A TypeGuard declared and used near the top of a function is sometimes rendered ineffective (i.e., there is no change to the type of the first argument to the TypeGuard even when the TypeGuard returns True), but only when there is an apparently-unrelated mypy-detectable problem later in the same function.

The problem does not occur if the TypeGuard definition is not nested within an outer function, or if the apparently-unrelated problem is corrected.
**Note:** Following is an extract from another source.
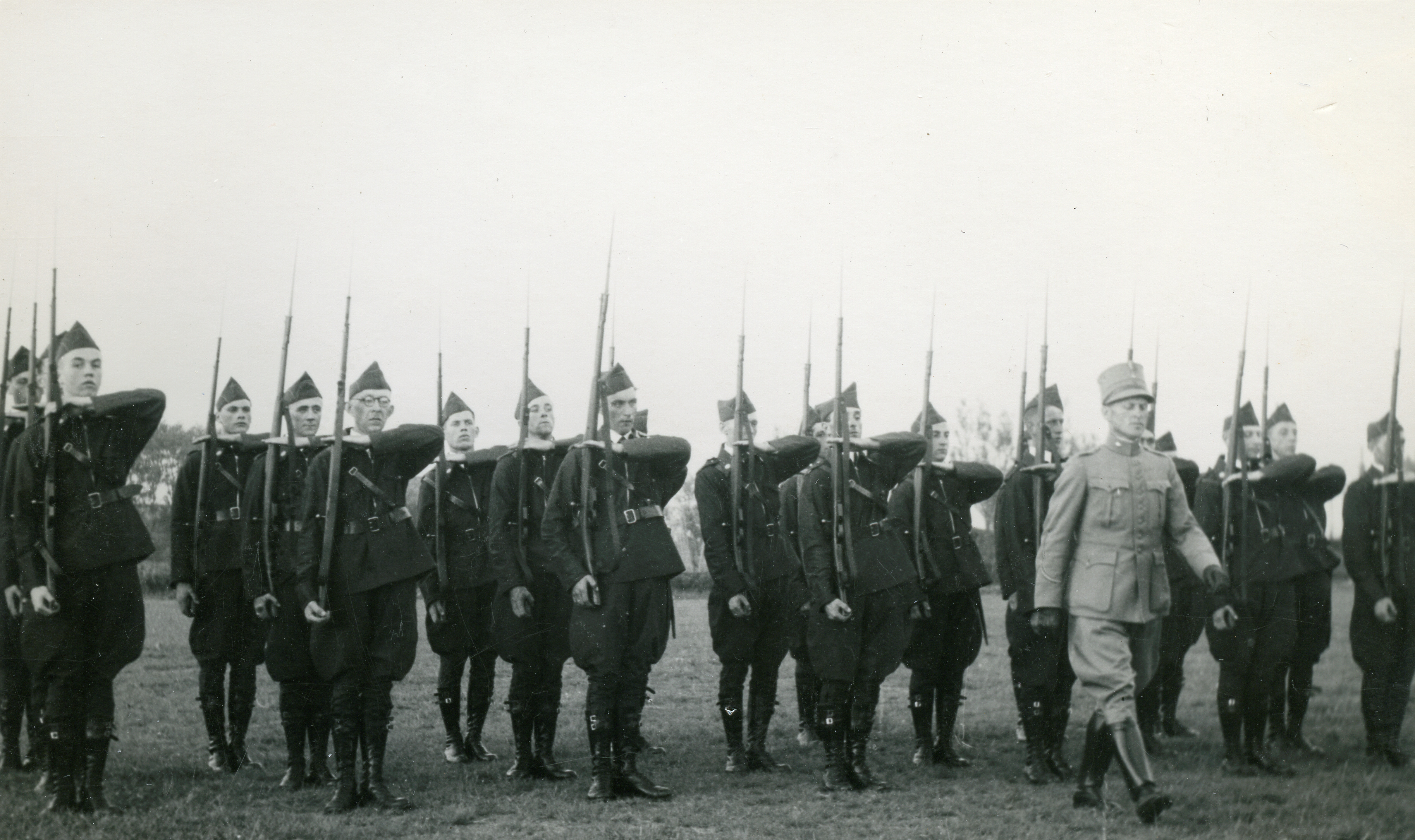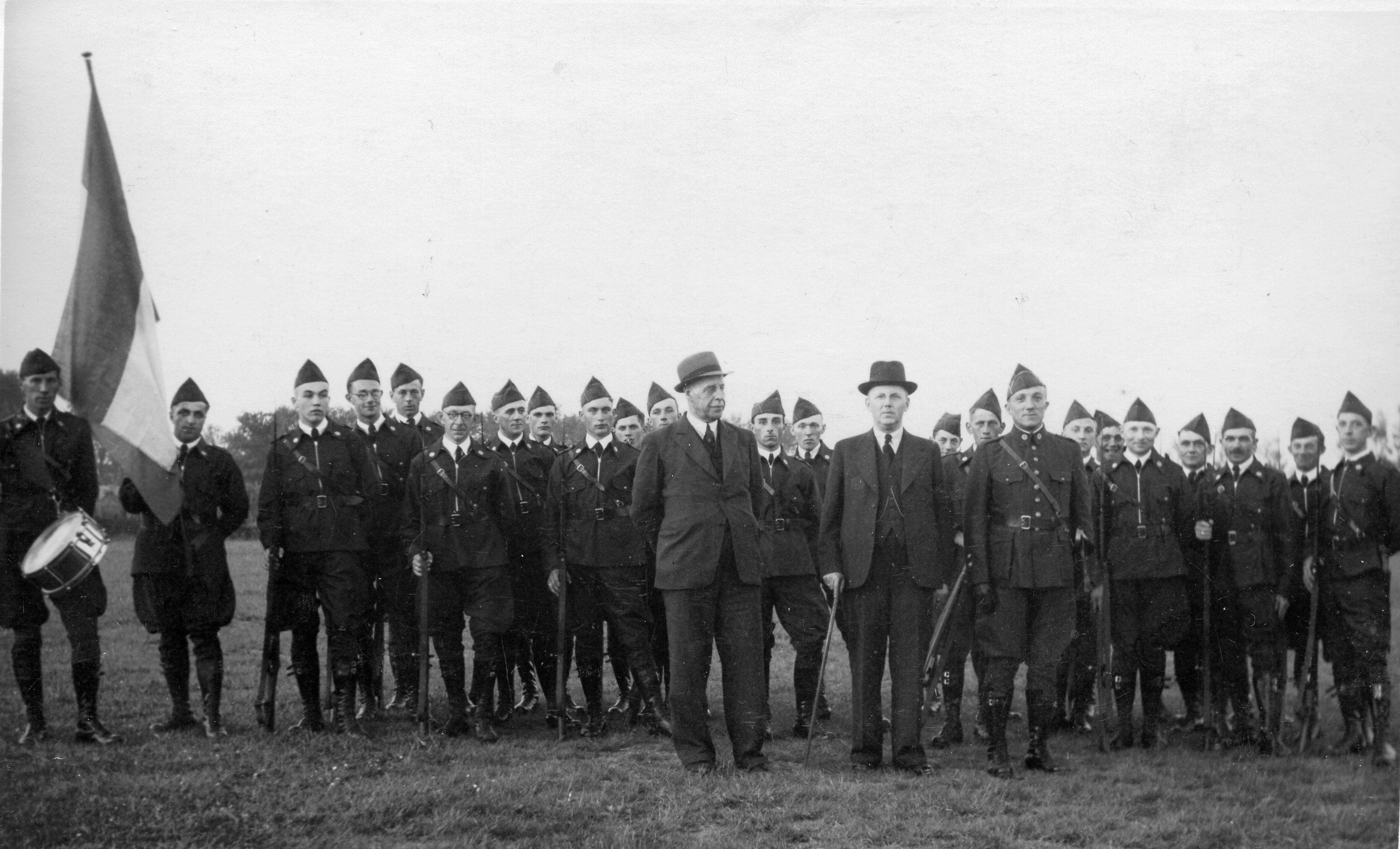 Leeuwarder Burgerwacht. Derde van links: H. v.d. Veen Jr. (banketbakker); rechter rij: H. v.d. Veen (broer, banketbakker Tuinen); daarachter: Chris Veldhuis; daarachter: Jantje de Boer (lange); in het midden: Ds. J. Zelle.

Because any erroneous errors triggered by this bug appear above the triggering problem in the error report, users will find it difficult to solve this issue if they approach the problem using a [run mypy, fix first issue, repeat] workflow.

To Reproduce

[mypy-play.net]

from __future__ import annotations
from typing_extensions import (
        TypeGuard,
        assert_type,
        )

def some_func(arg: object) -> None:
    '''must encapsulate the following in a func, or issue won't repro
    '''
    def tg_int(arg: object) -> TypeGuard[int]:
        '''must be nested: issue won't repro if decl'd at module scope'''
        b: bool
        return b

    # replacing 'arg' with a local var works just as well
    if tg_int(arg):                                                     # line 16
        assert_type(arg, int)                                           # line 17
                # expected: no error
                # got: [assert-type]
                #   "Expression is of type 'object', not 'int'"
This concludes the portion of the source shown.